Travel and tourism is a $16 Billion/year industry for the State of Washington, it is very important to our economy. That prior commissions have made judgments that we could have both traditional industrial and "gentrified" tourism terminals co-existing I believe was extremely far-sighted and something the region has greatly benefited from. It is simplistic analysis in my opinion to say that my predecessors on the Port Commission, who recognized that we have a multifaceted port with complex interests and operations, somehow were not committed to our industrial past.

We can have both a beautiful Central Waterfront attracting sightseers, diners and pedestrians as well as vibrant industrial operations to the north and the south.

The trick is maintaining freight corridors. The Port acquiesced to the stadium district 30-some years ago based on promises about adding freight corridors that have never fully materialized. Those projects needed to be funded and move ahead. The city should not risk endangering industrial operations that account for 35% of its tax base.

Posted Mon, Jun 4, 5:46 p.m. Inappropriate

I'm not sure how the Port could possibly execute its desires to expand operations without funding the infrastructure projects, too.

The risk doesn't go away just because the Port is making a buck on increasing traffic through Port expansions.

A funnel becomes less efficient by trying to push more through it.

So, I look forward to the funding proposals that allow the Port to expand, until then, I wouldn't want to risk what we already have.
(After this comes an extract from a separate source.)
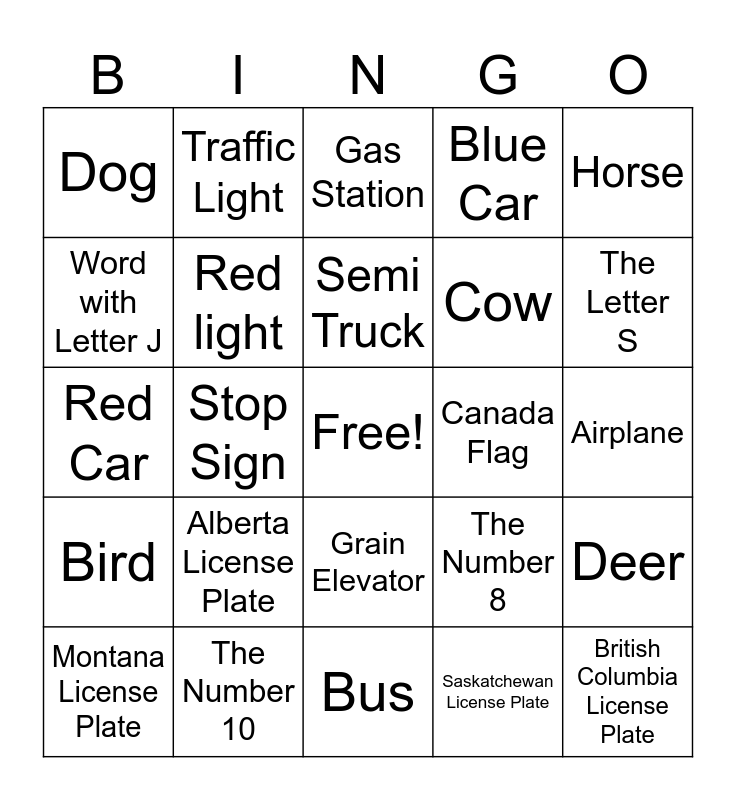This bingo card has a free space and 24 words: Alberta License Plate, The Number 10, Semi Truck, Montana License Plate, Horse, Dog, Word with Letter J, Traffic Light, Canada Flag, Grain Elevator, Cow, Red Car, The Number 8, Deer, Red light, Saskatchewan License Plate, Airplane, Gas Station, The Letter S, Stop Sign, British Columbia License Plate, Bird, Blue Car and Bus.
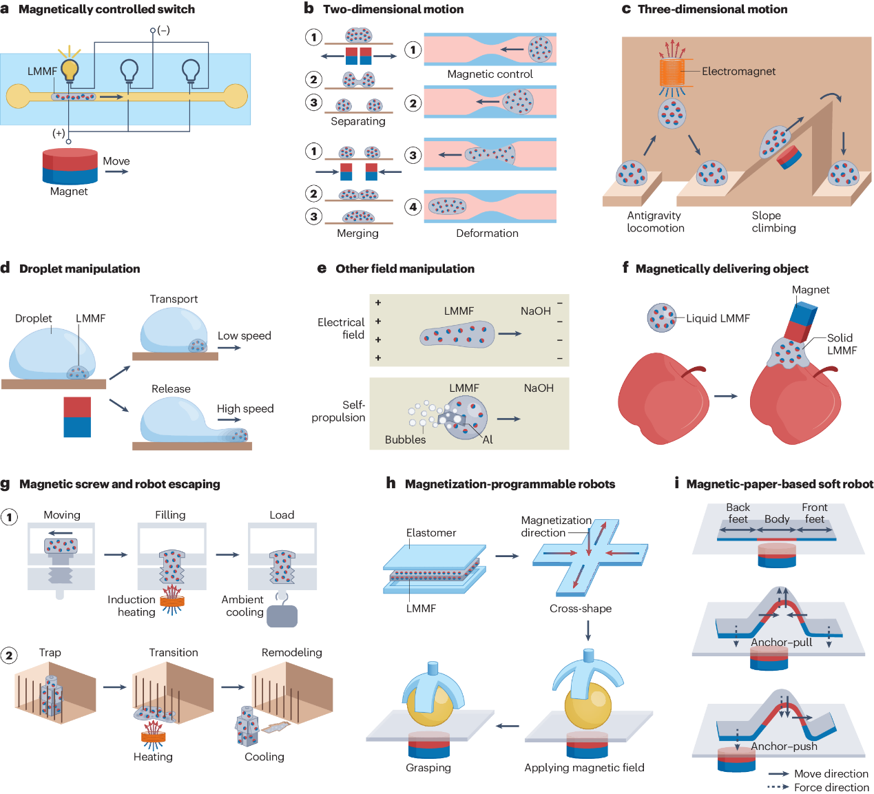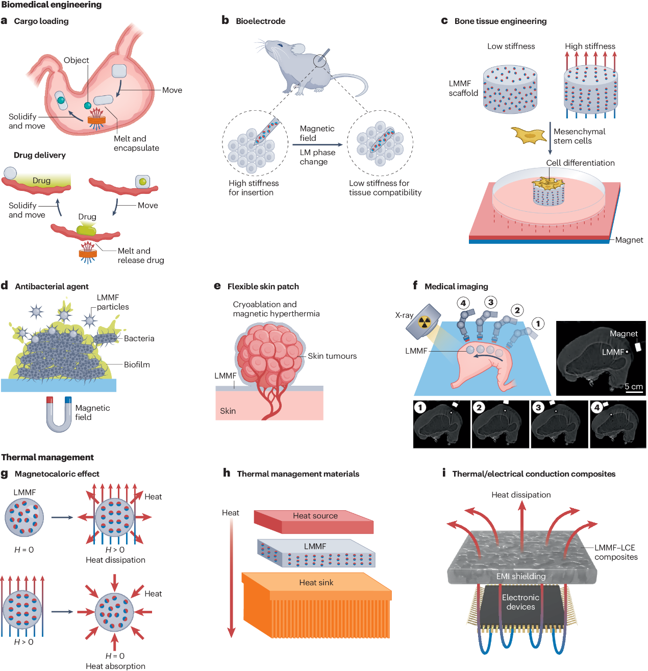 文章进一步概述了液态金属基磁流体在生物医学工程、热管理、印刷电子、柔性传感器和软体机器人领域的应用。在生医工程领域,液态金属基磁流体可被用于靶向递药、生物电极、骨组织工程支架、抗菌剂、治疗肿瘤的柔性贴片和医学成像等。在热管理领域,液态金属基磁流体被用于制造磁制冷液态金属和无泄漏的热管理材料。在印刷电子领域,液态金属基磁流体可在各种基底上创建无泄漏导电图案。在柔性传感器领域,液态金属基磁流体可对热场、电场和磁场等激励做出反应,并可适应各种界面,是柔性传感应用的理想选择。在软体机器人领域,液态金属基磁流体具有对磁场的快速响应、出色的形状适应性、可调刚度和高导电性,是制作软体机器人的基本要素(图3、4、5)。

Unfortunately, the traffic argument the Port is using also can be applied on a much larger scale with the Port.

Mr Baker

Posted Thu, Jun 7, 2:59 p.m. Inappropriate


”The impacts of the tunnel are still to come and unknown. The post-Alaskan Way Viaduct redevelopment of the central waterfront will have impacts on the Port and SoDo as well, in fact already is having them during the construction phase.”

Let’s see…what could this impact be? I think most of us know that one of the impacts will be grinding gridlock. So, the post-AWV impact on the Port will be grinding gridlock. And for SoDo…? That’s right class…grinding gridlock. And the article admits that the area is already “having them” during the construction phase. (them = grinding gridlock)

Wouldn’t you think that before you spent billions of dollars knocking down one of the most efficient north/south arterials in the city you would have some serviceable replacement? Wasn’t that very point kicked around in this forum for at least a couple of years?

jmrolls

Posted Fri, Jun 8, 9:54 a.m. Inappropriate


I guess I don't understand the whole transit-density thing, except as it plays into the few landholders of the 3 square miles of downtown where city "leaders" feel they have to situate everything.

Given a robust network of LINK (eventually) and buses, it seems like the ideal place for a new arena would be nowhere near Century and Safeco. It would be where land is cheap and where they can put a nice big free parking lot, and a transit station.

The idea of spending billions on light rail is so that people can jump on at any point, and quickly get to another point. If that is true, then you can spread the important destinations anywhere along the system.